Daybreak Zero
- Author: John Barnes
- Cover artist: Craig White
- Language: English
- Series: Daybreak
- Genre: Science fiction
- Publisher: Ace Hardcover
- Publication date: 2011
- Publication place: United States
- Media type: Print (Hardcover )
- Preceded by: Directive 51
- Followed by: The Last President

= Daybreak Zero =

2011 novel by John Barnes

Daybreak Zero is the title of a science fiction novel by American writer John Barnes. It is the second of three books comprising the Daybreak series.

==Plot==
In the near future, a variety of groups with diverse aims, but an overlapping desire to end modern technological society (the "Big System") create a nanotech plague ("Daybreak") which both destroys rubber and plastics and eats away any metal conductors carrying electricity.

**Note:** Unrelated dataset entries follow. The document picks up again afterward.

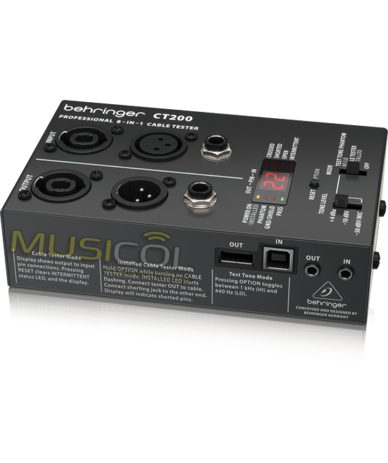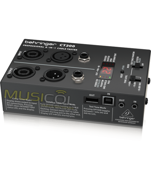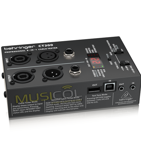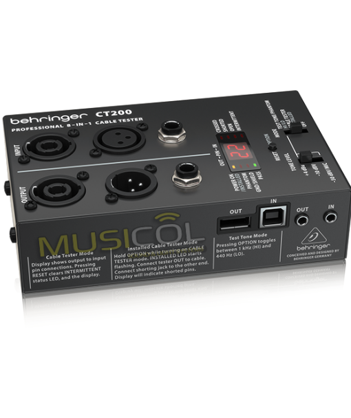 ה-CT200 יוודא שכל כבל בארסנל שלכם תקין עם בודק הכבלים. חובה עבור כל מהנדסי סאונד ומוזיקאים. בודק כבלים בשליטת המעבד הכולל 3 מצבים: בודק כבל וכבלים מותקנים בתוספת מצב צליל בדיקה. מקבל את כל המחברים הסטנדרטיים: XLR, Speakon *, TRS (1/4 “, 1/8”), RCA, RJ45, MIDI ו- USB.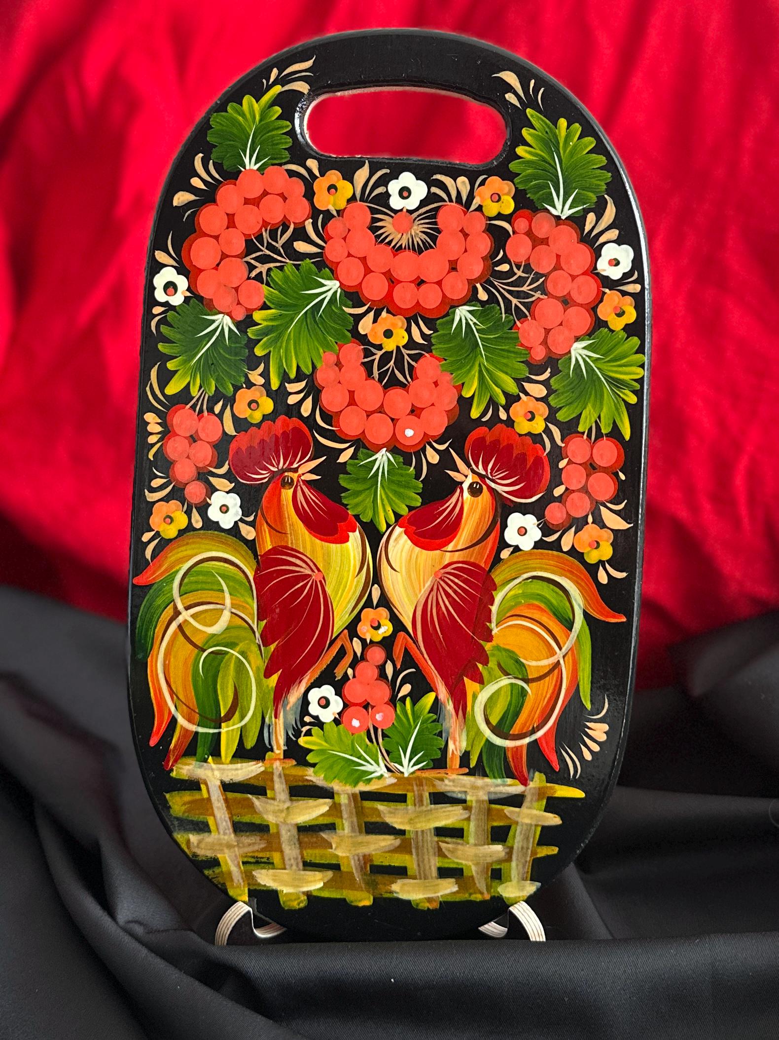 Ukrainian Cutting Board with Petrykivka Painting Handmade Wood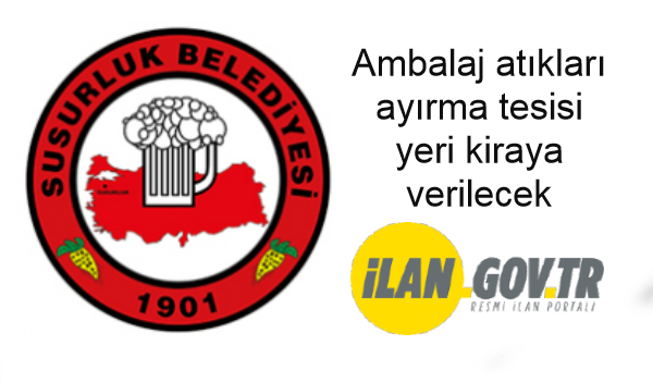 Susurluk Belediye Başkanlığı tarafından Ambalaj atıkları ayırma tesisi yeri kiraya verilecektir.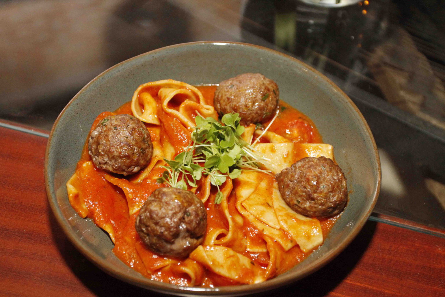 pappardelle com almôndegas, servida com pasta artesanal ao pomodoro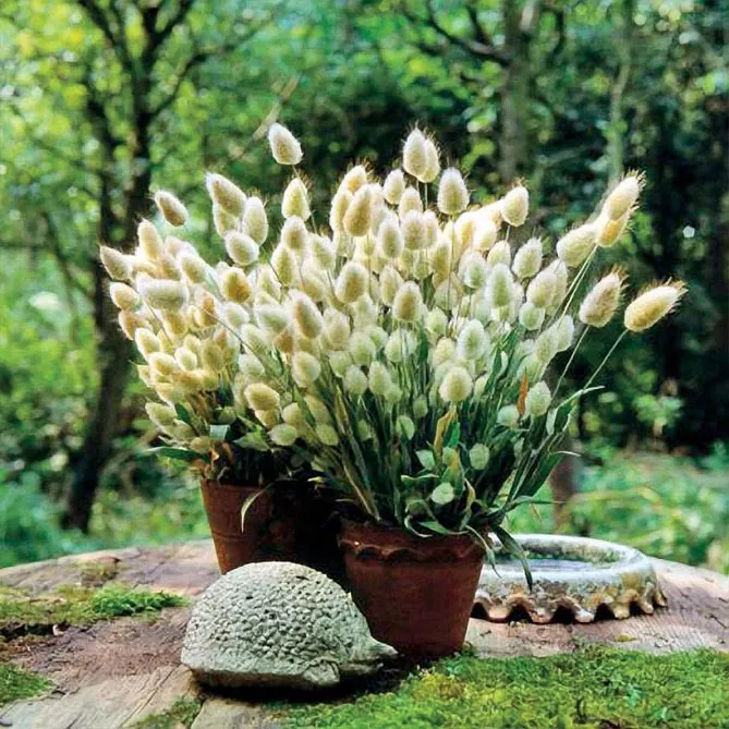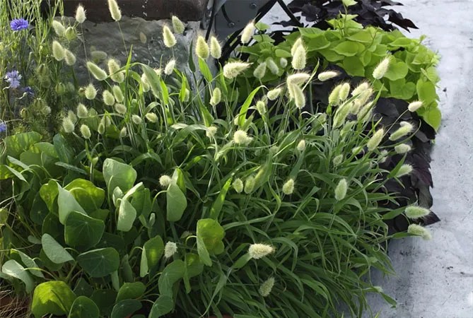В горшке лагурус образует красивый зеленый пучок с торчащими колосьями, который можно смешивать с сезонными цветами. При выращивании в контейнерах обратите внимание на то, где горшки стоят – на полном солнце растение лучше цветет, в тени будет выше.

An open question in the book is whether these groups, and their shared motivation, are coordinated by some conscious actor, or whether they are an emergent property / meme that attained a critical mass.

==Reception==
In a review of the audiobook, which was read by Susan Ericksen, AudioFile stated that her "attempts to capture atmosphere do not quite work" and that she "makes sense of the narrative but delivers it with a brittle intensity—even during the more personal and intimate moments." Kirkus Reviews wrote: "A stunning premise that would have benefited from a lighter approach, less baggage and more focus."